Sunday, April 1, 2012

The all-nighter

1983 - I worked night shifts at the Women's
Although I haven't seen this one listed in midwifery skills or competencies, it's a reality for any midwife who accepts bookings from individual women. In order to be 'with woman', I need to be with her on her time-table, and that often means missing a night's sleep. As a labour progresses and the woman accepts the diminished activity of her front-brain, environmental distractions are also minimised.

Picture the scene: dim light, a warm glow from the wood burnt low in the fireplace, and a woman labouring on her knees in an inflatable plastic birth pool. She moans softly and moves her bottom in big slow circles as contractions ebb and flow, then rests her head on her arms, eyes closed, re-entering her resting state without comment or any record being made. Someone is near her - sitting quietly and also dropping off to sleep from time to time. Other members of the birthing team are similarly occupying couches or chairs, through minutes or hours of the night. Then the labour changes, and everyone is aroused, refreshed, and I am ready to complete my part of the work at hand.

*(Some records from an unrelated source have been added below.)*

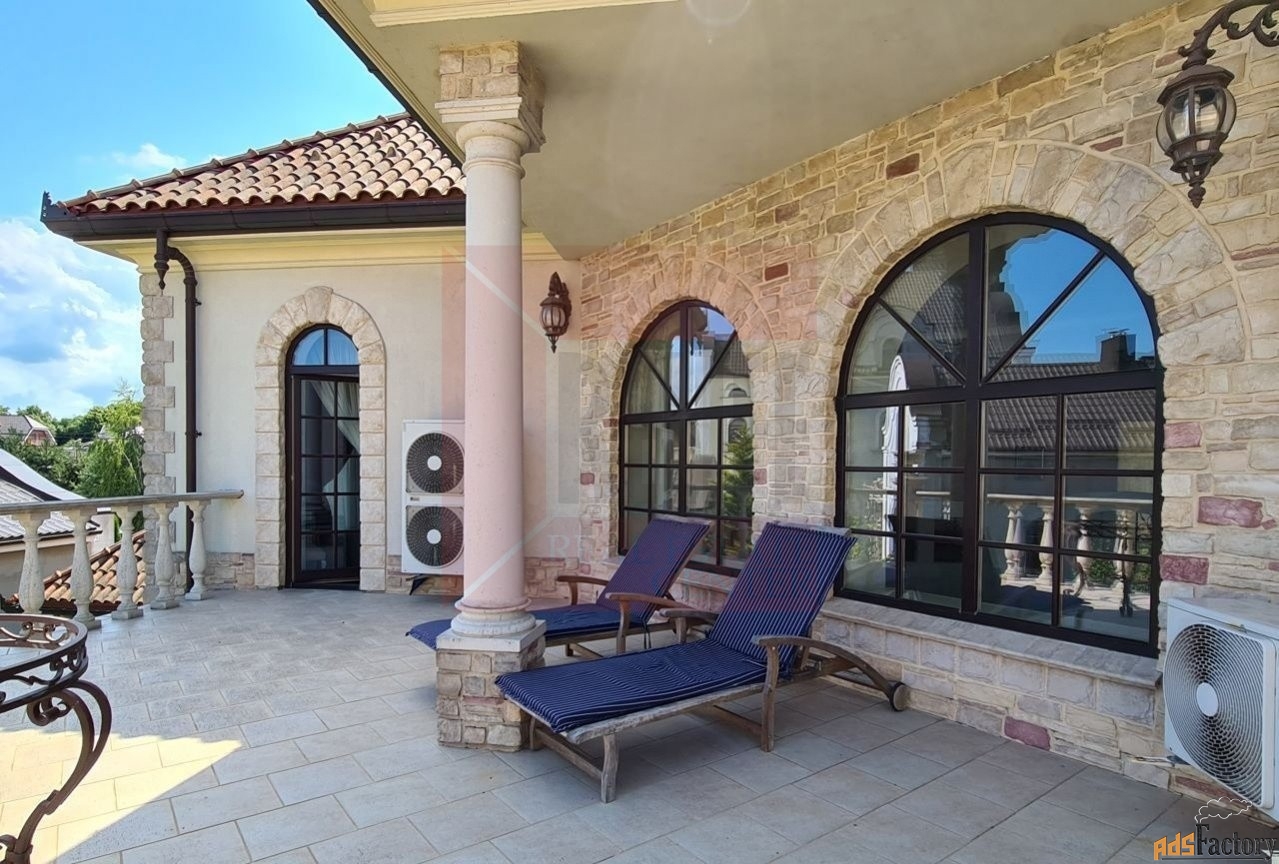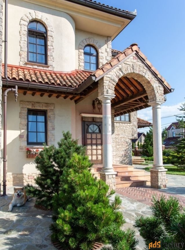 Арт. 31072876 <br> «Увидев однажды и влюбиться, это возможно!» <br>Продаётся дом выполненный в тосканском стиле, который олицетворяет красоту и натуральность окружающего ландшафта, является воплощением романтизма и эстетики. Проект реализован с привлечением итальянского и российского архитекторов. Для внутренней и наружной отделки дома использовались только натуральные материалы теплых и природных оттенков: камень, натуральное дерево, керамическая черепица (изготовленная для северных районов Италии). <br> <br>Дом площадью 689 квадратных метров представлен в трех этажах: <br> <br>1 этаж: просторная гостиная 60.82 кв.м. с камином, столовая 31.73 кв.м. с панорамным остеклением и видом на живописный внутренний дворик, кухня 18.4 кв.м. выполнена в зеленых тонах, что напоминает о великолепных кипарисах, лозе винограда и листьях оливковых деревьев, две гостевые спальни с санузлом. <br>Оборудована спа-зона, которая включает в себя хамам, баню на дровах, большой бассейн 21 кв.м. с выходом в зону отдыха с мангальной и винным погребом. <br> <br>2 этаж: три спальни с гардеробной и санузлом для каждой и выходом на просторную открытую террасу. <br> <br>Мансарда: оборудованный спортзал с комнатой отдыха и выходом на балкон, санузел. Винтовая лестница ведущая в башню со смотровой площадкой. <br> <br>В интерьере данной недвижимости можно увидеть присутствие испанского и французского направлений, взятых из средиземноморского стиля. Дом укомплектован особой мебелью, отличается она классическими линиями, искусно отполированными поверхностями, кованными и витражными вставками в элементах декора. <br> <br>Дом расположен на земельном участке 11 соток, на котором выполнен оригинальный ландшафтный дизайн. Высажены вечнозеленые хвойные деревья и кустарники. Закрытый внутренний дворик с дорожками, вымощенными гранитом. <br>Спешите приобрести элегантность и романтизм Старого Света !!!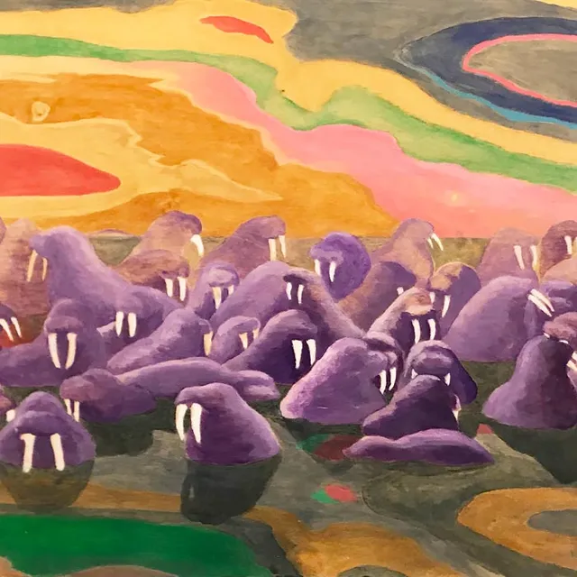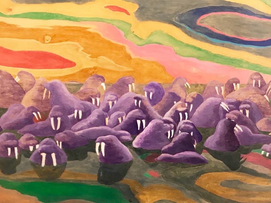 Walruses on the Rings of Saturn was originally created on a wood panel based on a photograph in National Geographic. Robert was inspired by the natural pattern of the wood to paint the sky and water with a combination of stain and acrylic paint. This work reimagines an earthly scene in the spectacular vibrant setting of Saturn’s rings.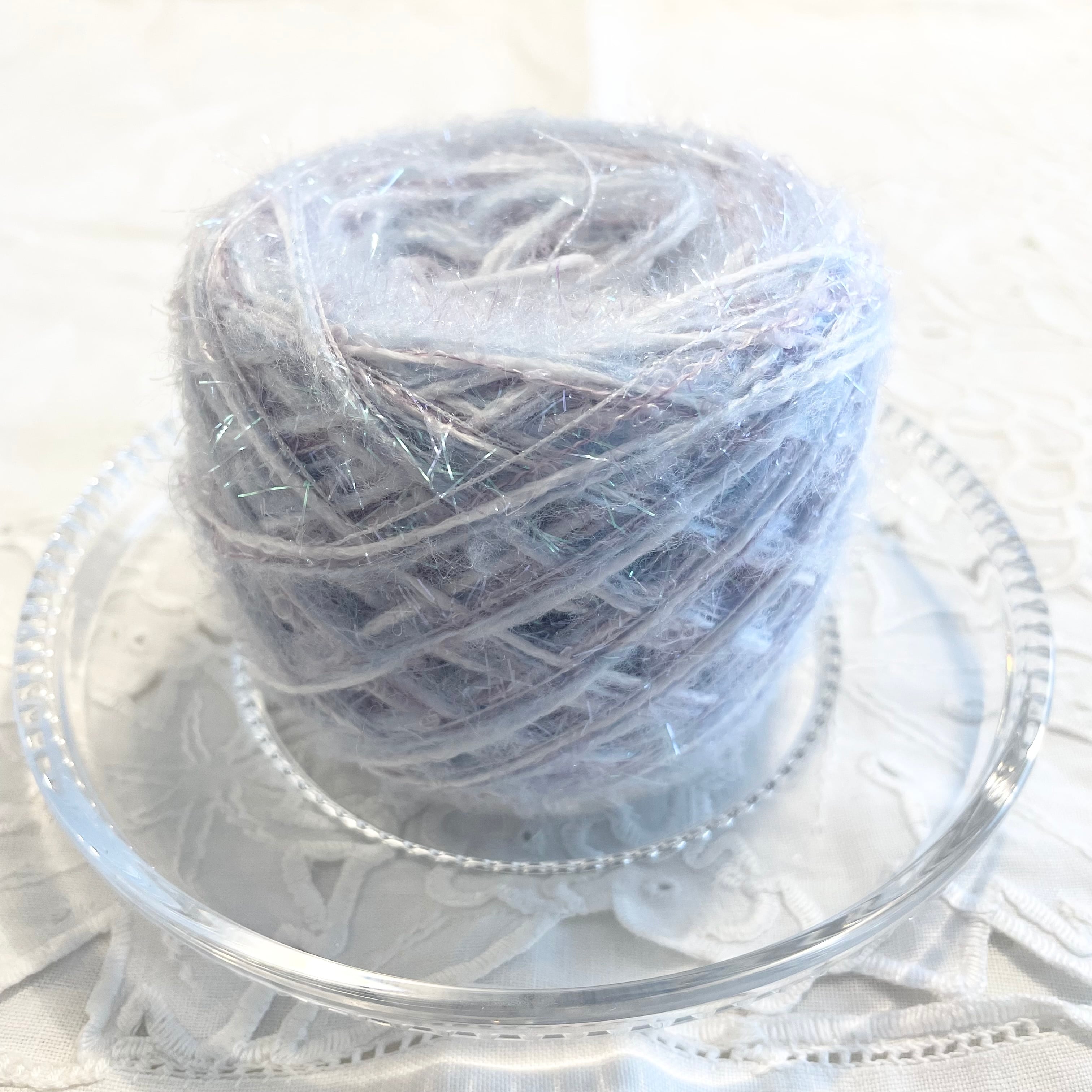 ホワイトのコットンヤーン、水色のモヘア風ヤーン、ラベンダーのループヤーン、オーロラのキラキラヤーンの計4本を引き揃えてます♪

Another scene is a hospital birthing room. Again, lighting is reduced and all is quiet. The labouring woman, and her husband, are sleeping. She has laboured with slow progress, and when she lies down, the interval between her contractions increases greatly. She needs to replenish her energy reserves before the next bout of active labour. I am resting on a chair, eyes closed, dropping into sleep as is evidenced by an occasional snore! I am also very weary. I know that the fetal head is high because the labour is so positional - strong when mother is upright, and slow when the weight of the womb is taken away from the cervix and the birth canal.

Today I am reflecting on the way a woman and midwife navigate the night-time terrain, because I have come from an all-nighter last night.  The ability to rest and re-charge as the night progresses is essential for both mother and midwife.

When I worked night shifts in midwifery it would have been unthinkable to admit to falling asleep on the job.  If a woman in my care was having a sleep I would have plenty of other jobs to attend to, or perhaps it would be time for meal break.  Of course tiredness was an issue, especially on the first night, and especially in the 'wee hours', somewhere between 2 and 4 am, when everything and everyone went quiet.  But these days, working in partnership with individual women, it's the norm, and I believe it's the right thing to do.  My body and mind accompany the woman through the phases and stages of labour.